Kushen contains many chemical components, of which more than 200 have been isolated. These constituents can be divided into four categories, i.e., flavonoids, alkaloids, terpenes, and other compounds. The main active ingredients are considered to be alkaloids and flavonoids.21
Next-generation mRNA sequencing offers detailed, quantitative, and rapid measurement for comparing transcriptomic variations between different cells, tissues, breeds, or species under different conditions.22 In this study, we investigated the lipid-lowering effect of Kushen by sequencing the transcriptomes of hyperlipidemic rat livers.
2. MATERIALS AND METHODS
2.1. Reagents and drugs
Kushen (lot No. 150826) was purchased from Jiangxi Jiangzhong Chinese Medicine decoction Pieces Co. Ltd. and confirmed by Professor Liu Yong, Department of Chinese Medicinal Resources, School of Pharmacy, Jiangxi University of Chinese Medicine, China. The detailed preparation method of the Kushen decoction was as follows: first, 0.5 kg of Kushen was placed into a boiling pot. Second, the herb was soaked for 1 h in 10 times its weight of water. Third, the herb was boiled for 50 min, and the resulting decoction was filtered through a filter of less than 0.5-mm diameter pores. Fourth, the decoction was concentrated to 1 g/mL crude medicine. This concentrated Kushen decoction was then stored at -80 ℃ until use.

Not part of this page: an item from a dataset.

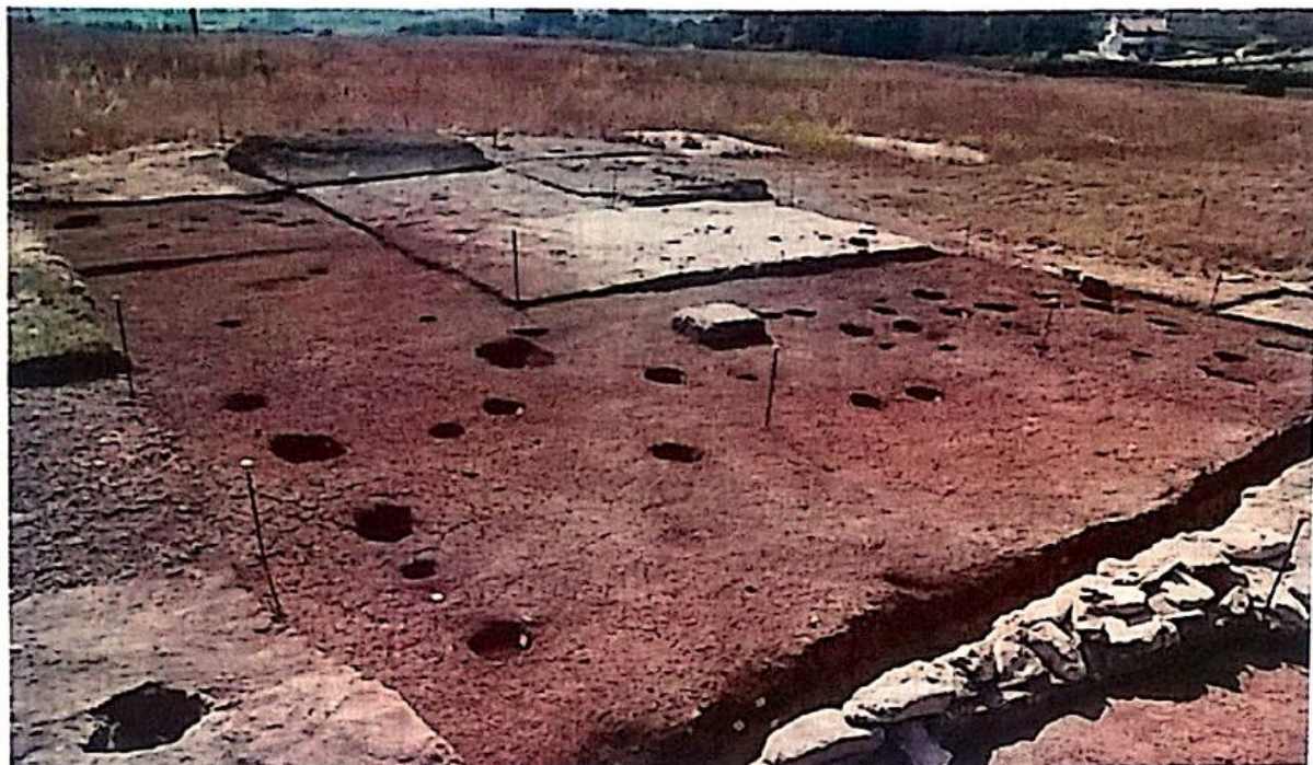
particolare di un'area di scavo, con buche per palo.

terra battuta e concotto, buche per palo, tracce di intonaco e grandi contenitori infissi nel piano di calpestio 1 .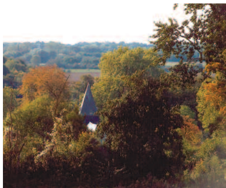
Vue du clocher de Ricquebourg.

fourche (10), emprunter la voie de gauche et continuer tout droit. Le long du chemin forestier, longer une cabane de chasse sur la droite avant d'atteindre un petit plateau, (11). Après 500 m sur le plateau bifurquer à droite (12) afin de suivre le sentier qui longe le « Bois de la Motte ». Après avoir abouti au chemin qui conduit au hameau de « la Motte », partir sur la gauche (13) et continuer tout droit (14) afin de rejoindre le « cimetière de Gury » achevant ainsi la promenade.

Notably, 60% kcal high-fat food (catalogue No. D12492) was obtained from Research Diets, Inc (USA). TRIzol reagent (lot No. 149105) was purchased from Thermo Scientific. Bicinchoninic acid (BCA) Protein Quantitative Kit (lot No. 40238) was purchased from Kangwei Century Biotechnology Co. Ltd. RIPA tissue cell lysate (lot No. 20170302) was purchased from Solarbio Science& Technology Co. Ltd. The additional reagents used in this study were all commercially available and of analytical grade.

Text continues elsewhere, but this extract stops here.